As I already mentioned, first update the spiders file. Then locate the ip that is causing the problem in the logs. Look up the domain infor of the ip using one of the services on the web to get the ip range they use and block the whole range.

#14 richo3880

  • Community Member
  • 24 posts
  • Real Name:Richard

Posted 30 July 2011, 13:22

i'll try this, and will let you know how it goes, thank you.

#15 richo3880

  • Community Member
  • 24 posts
  • Real Name:Richard

Posted 02 August 2011, 13:35

how can i find the bots and spiders ip address?

#16 Jack_mcs

  • Community Member
  • 24,454 posts
  • Real Name:Jack
  • Gender:Male

Posted 02 August 2011, 15:56

In your server logs.
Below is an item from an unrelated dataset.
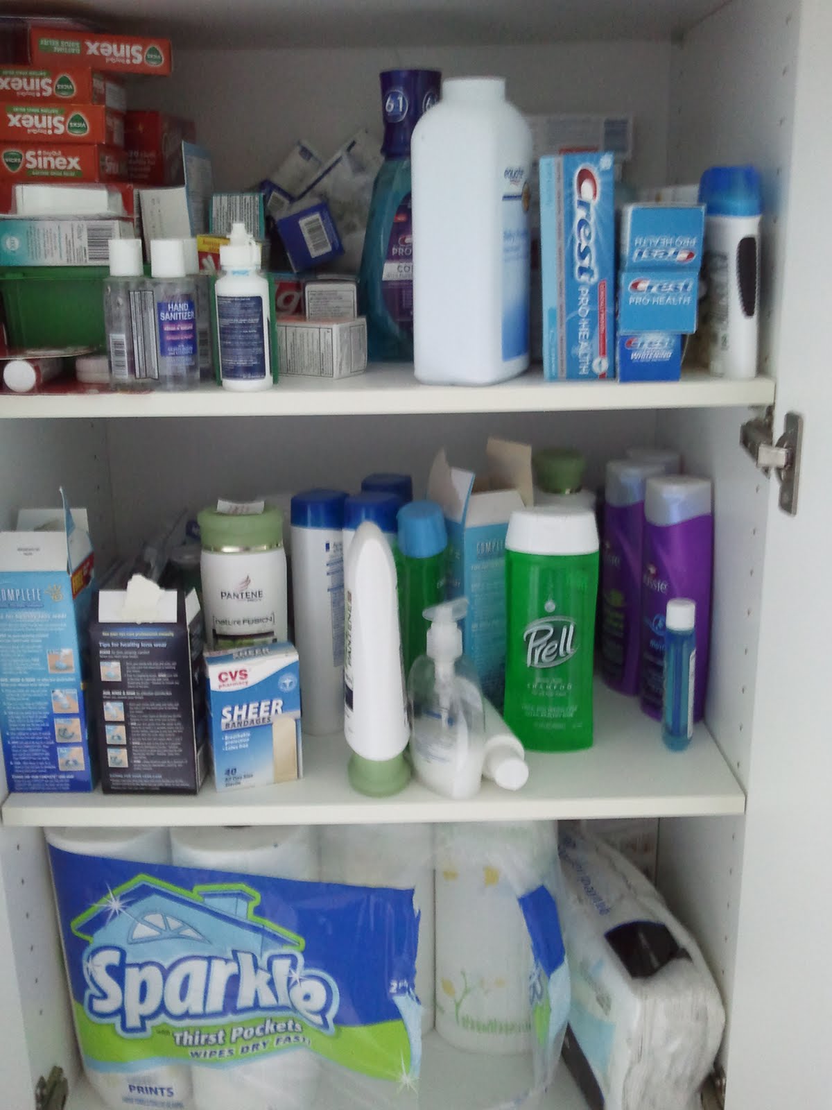 Most of the items are on the bottom three shelves of a floor-to-ceiling cabinet in my bathroom. The top three shelves hold linens and towels, cleaning supplies, and some lesser-used items. Here's a look - this was taken before I unshopped to donate to a women's shelter: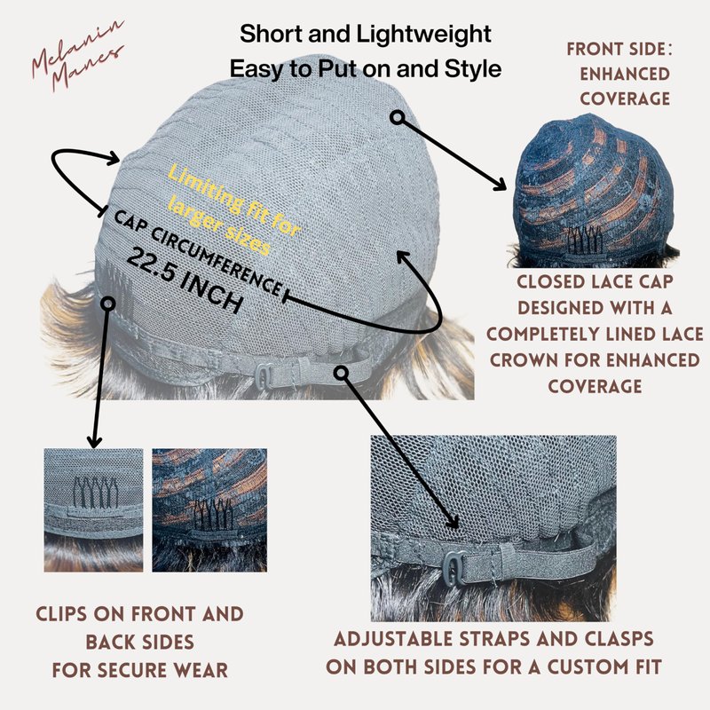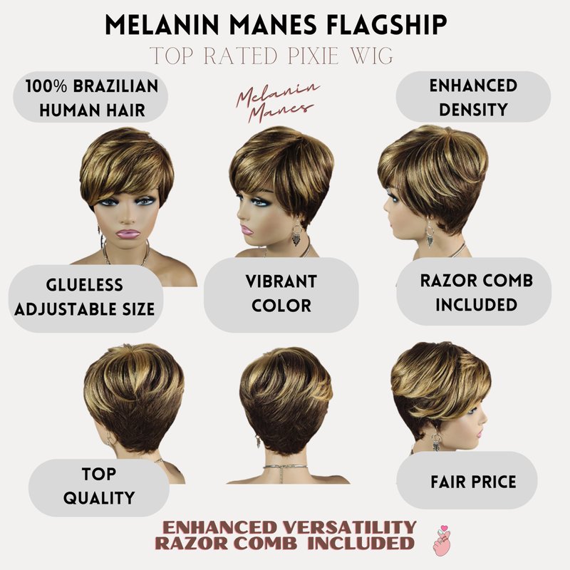 Brand name: Melanin Manes (Celebrate your melanin, embrace your power) < br>< br> Hair Quality: 100% Brazilian virgin human hair< br>< br> Hair Style: Pixie Cut< br>< br> Unit Weight: 88g< br>< br> Hair Density: 180% density< br>< br> Cap size: 22-22.5 inch medium cap size with adjustable straps< br>< br> Color: Jet Black (1B); Black with Auburn Highlights (1/30); Dark Brown with Strawberry Blonde Highlights (4/27); Burgundy (99J), Ginger Orange (350); Honey Blonde (30); Chocolate Brown (4) < br>< br> Accessories: Complimentary Razor Comb and Wig Cap< br>< br>

Explain to your host what you want to do and ask how you can see the logs. It varies with the server but they should be able to provide instructions, or the log.

#17 Taipo

  • Community Member
  • 751 posts
  • Real Name:Te Taipo
  • Gender:Male

Posted 02 August 2011, 22:21

An analysis of your logs is the first place to look as mentioned by others. From there you should be able to see where the excessive bandwidth is being consumed. From there you can make a plan of attack but until then it is best to leave your options open as to how to fix this issue rather than zeroing in on what is at this stage still an assumption.
- Stop Oscommerce hacks dead in their tracks with osC_Sec (see discussion here)
- Another discussion about infected files ::here::
- A discussion on file permissions ::here::
- Site hacked? Should you upgrade or not, some thoughts ::here::
- Ignore this link - just a honeypot site to test my ideas out for osC_Sec and allow the site to be picked up by attackers.
- Fix the admin login bypass exploit here

#18 richo3880

  • Community Member
  • 24 posts
  • Real Name:Richard

Posted 03 August 2011, 13:51

the robot.txt worked just fine.
thanks all for your help and advice.